■ **Data provided**
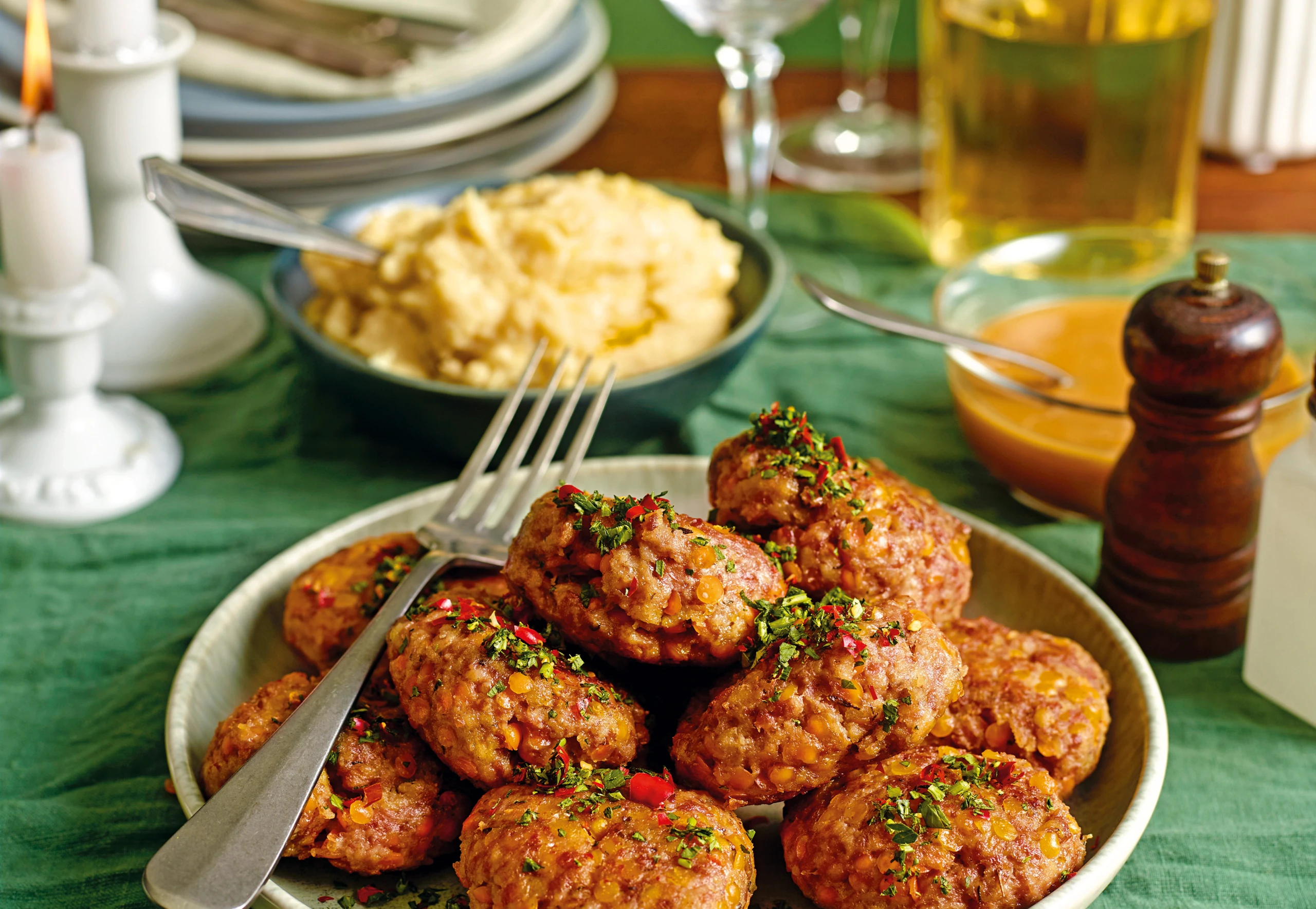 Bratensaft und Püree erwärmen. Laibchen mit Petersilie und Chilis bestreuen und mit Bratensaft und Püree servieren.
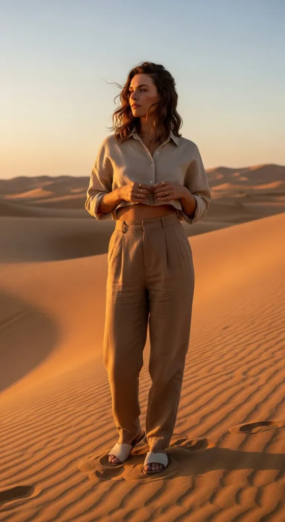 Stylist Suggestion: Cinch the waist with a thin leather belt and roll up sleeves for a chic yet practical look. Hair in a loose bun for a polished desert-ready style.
...
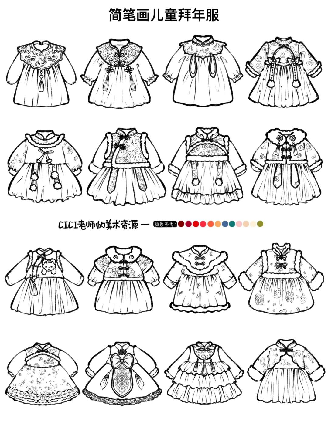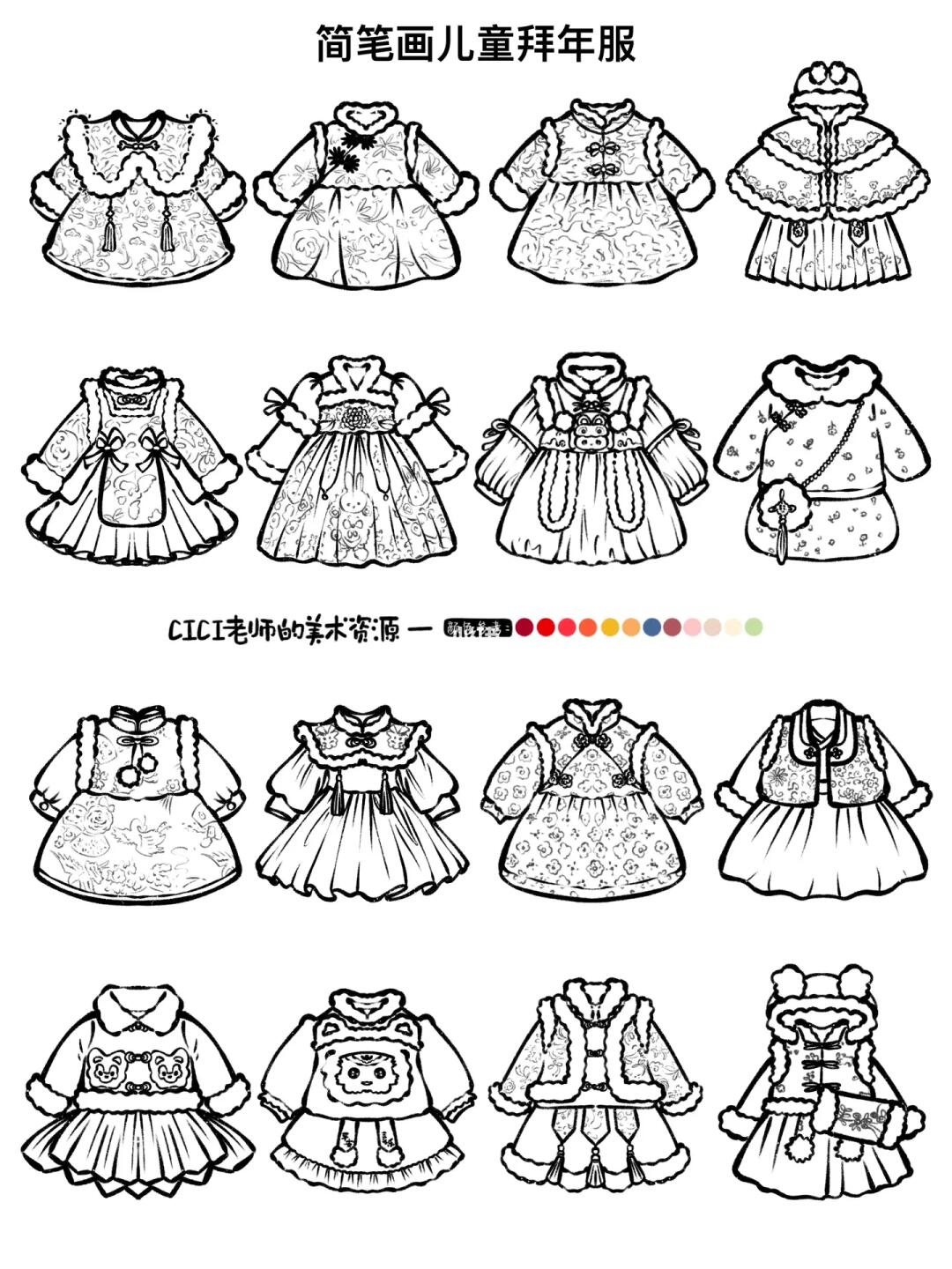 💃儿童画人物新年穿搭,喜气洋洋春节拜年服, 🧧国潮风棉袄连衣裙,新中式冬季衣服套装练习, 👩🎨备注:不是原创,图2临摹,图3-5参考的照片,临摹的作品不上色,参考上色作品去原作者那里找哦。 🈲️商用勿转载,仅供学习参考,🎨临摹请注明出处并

■ **Exercise aim**
Above are the records; restate exactly the lines from the one containing "Bratensaft und Püree erwärmen." through the one containing "Stylist Suggestion: Cinch", keeping pictures out.

■ **Answer space**
 Bratensaft und Püree erwärmen. Laibchen mit Petersilie und Chilis bestreuen und mit Bratensaft und Püree servieren.
 Stylist Suggestion: Cinch the waist with a thin leather belt and roll up sleeves for a chic yet practical look. Hair in a loose bun for a polished desert-ready style.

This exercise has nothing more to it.